I built this because most image CDN plugins try to do everything: compression, resizing, AI transforms, asset management, custom dashboards, and monthly fees. That’s useful for some users, but it’s unnecessary for most sites that just want their existing media to load faster without breaking the bank. Bandwidth Saver focuses only on delivery, not transformations. It’s intentionally minimal.

There are two ways to use it. The plugin is completely free if you want to run your own Cloudflare Worker. I included the Worker code and the steps needed to deploy it. If you don’t want to deal with any Cloudflare setup, there’s a managed option for $2.99 per month that uses my Worker and my R2 bucket. I’m trying to keep it accessible while also covering operational costs.

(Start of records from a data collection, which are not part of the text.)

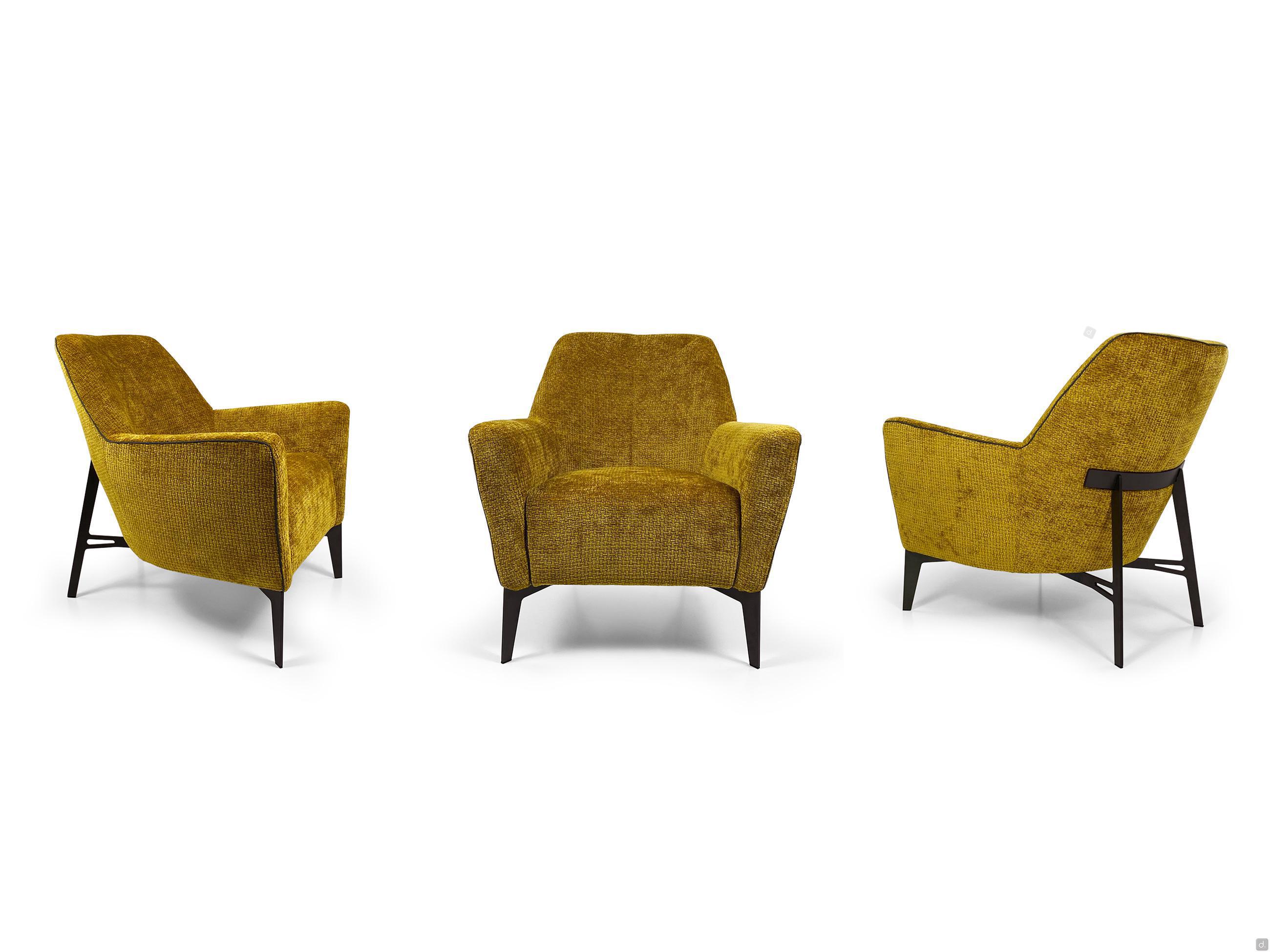 Model and Measurements- cm 77 d.78 h.80Depth: - seat: cm 53Height: - seat: cm 44- armrest: cm 59- legs: cm 20Materials and Finishes Upholstery: - fabric, velvet, leather (non-removable)Base:- powder-coated metal, matt lacquer, glossy lacquer- solid oak wood or Canaletto walnut
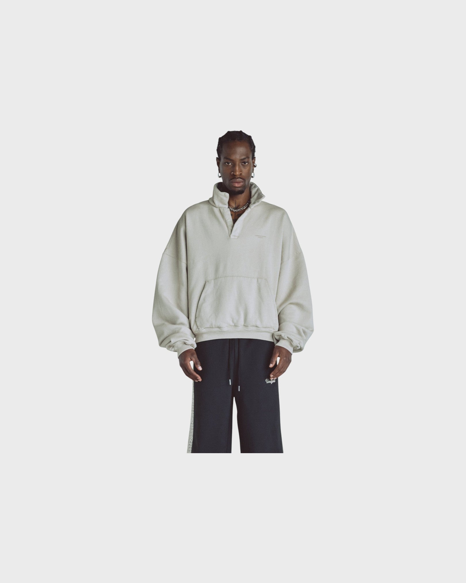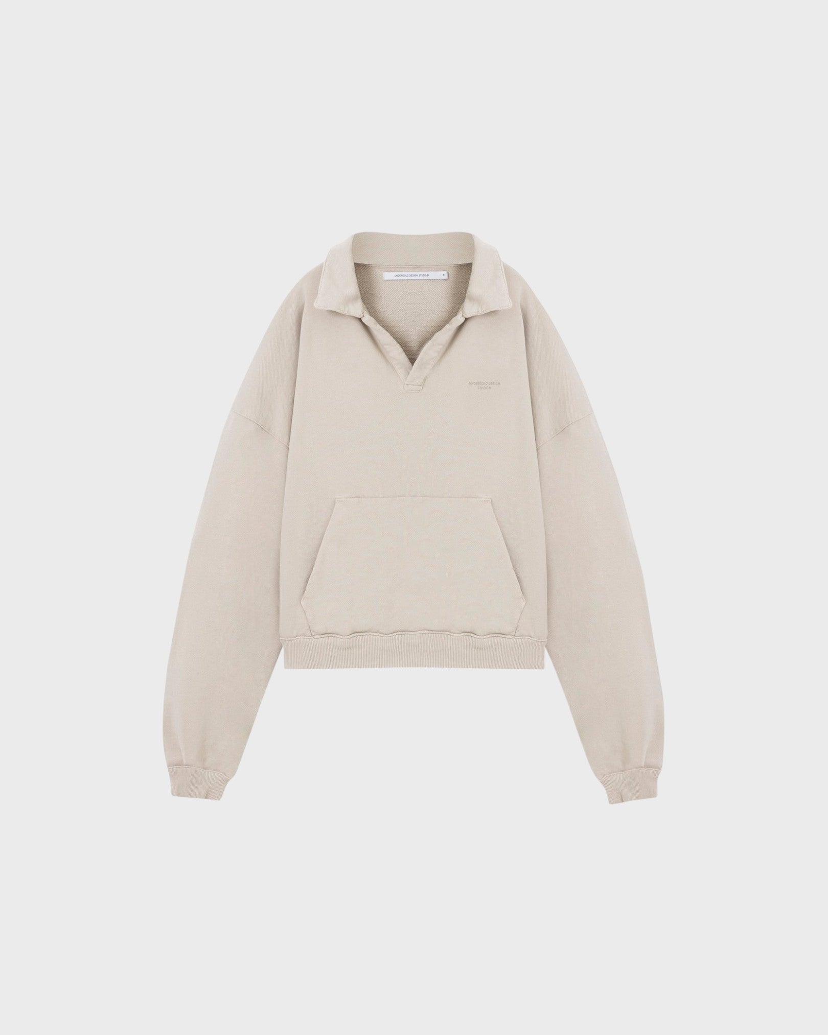 CREAM POLO COLAR SHIRT WITH A BOXY FIT, MADE OF 100% COTTON, INTERVENED WITH TEXTILE PRINT IN HEART STITCH ON THE FRONT AND CENTERED ON THE BACK.
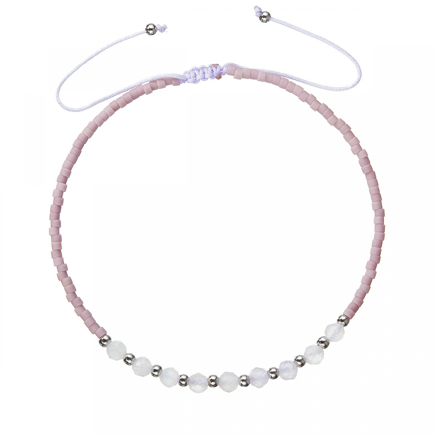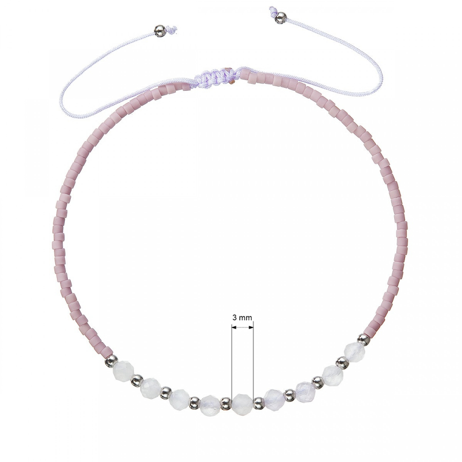 Jeho fialové odtiene evokujú mystérium a hĺbku, zatiaľ čo jemné ametysty dodávajú náramku noblesný lesk. Ručne vyrobený so starostlivosťou a precíznosťou, tento náramok je nielen štýlovým doplnkom, ale aj výrazom vašej individuality a vkusu. Náramok Miyuki 13037.3 sa skladá z jemne fialových a bielych korálok. Je dozdobený komponentom guličiek zo striebra 925/1000.
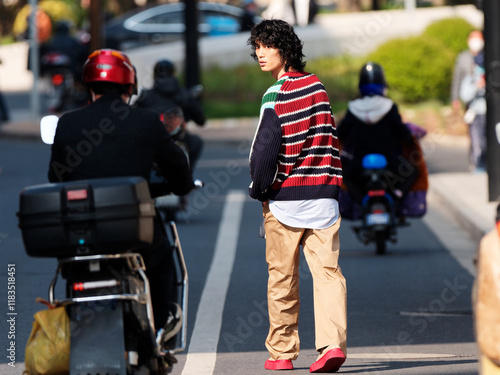 © atiger, Naklejka premium Portrait of a handsome Chinese young man with black and blue striped sweater walking in the street, young guy with black curly hair in urban background. male fashion, cool Asian young man lifestyle.
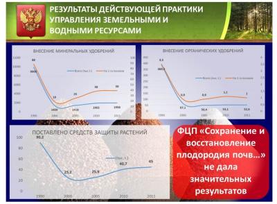 При том, что в 2013 году завершилась Федеральная целевая программа «Сохранение и восстановление плодородия почв земель сельскохозяйственного назначения и агроландшафтов как национального достояния России», приведенные сведения отражают всю «эффективность» принимаемых решений.
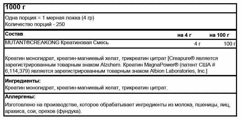 Креатиновый комплекс Mutant Creakong 1000 г интересное:
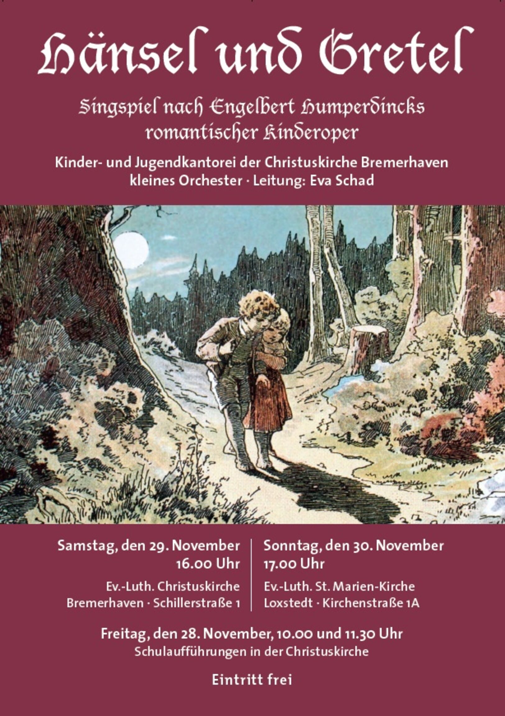 Außerdem folgt am Sonntag, den 30. November um 17.00 Uhr eine 4. Aufführung in der ev. Kirchen in Loxstedt.
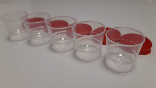 ✅ Kieliszki w połowie ( 5ml ) przedzielone wyraźną przerywaną linią.
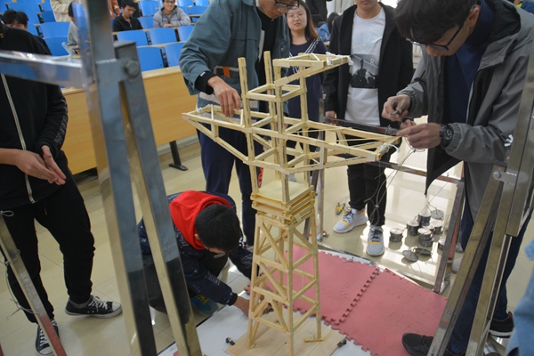 于兴隆山校区讲学堂举办第十三届全国大学生结构设计竞赛校内筛选赛。手机比分
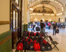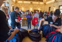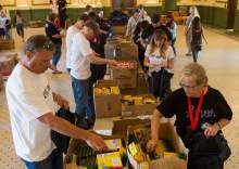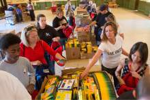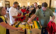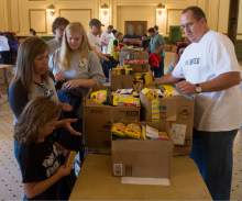 Volunteers help fill 8,500 backpacks with school supplies for low-income kids in the Grand Ha
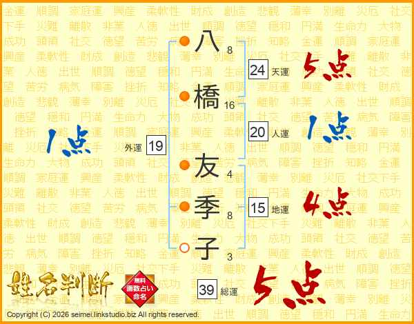 八(8画)橋(16画) 友(4画)季(8画)子(3画)
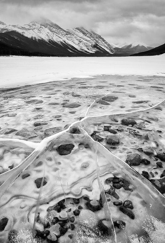 Canada-Alberta-Canmore-Spray Valley Provincial Park-Ice abstract at Spray Lakes White Modern Wood Framed Art Print with Double Matting by Collins, Ann

The plugin works with any theme or builder and doesn’t modify the database. It only rewrites URLs on output. WordPress remains the system of record for all media. R2 simply becomes a cheap, durable cache layer backed by Cloudflare’s edge.

I’m especially interested in feedback about the approach. Does the fetch-on-first-request model make sense? Is the pricing fair for a plugin of this scope? Should I prioritize allowing users to connect their own R2 buckets or the managed service? And for those with experience in edge compute or CDNs, I would love thoughts on how to improve the Worker or the rewrite strategy.

Thanks for reading, happy to answer any questions.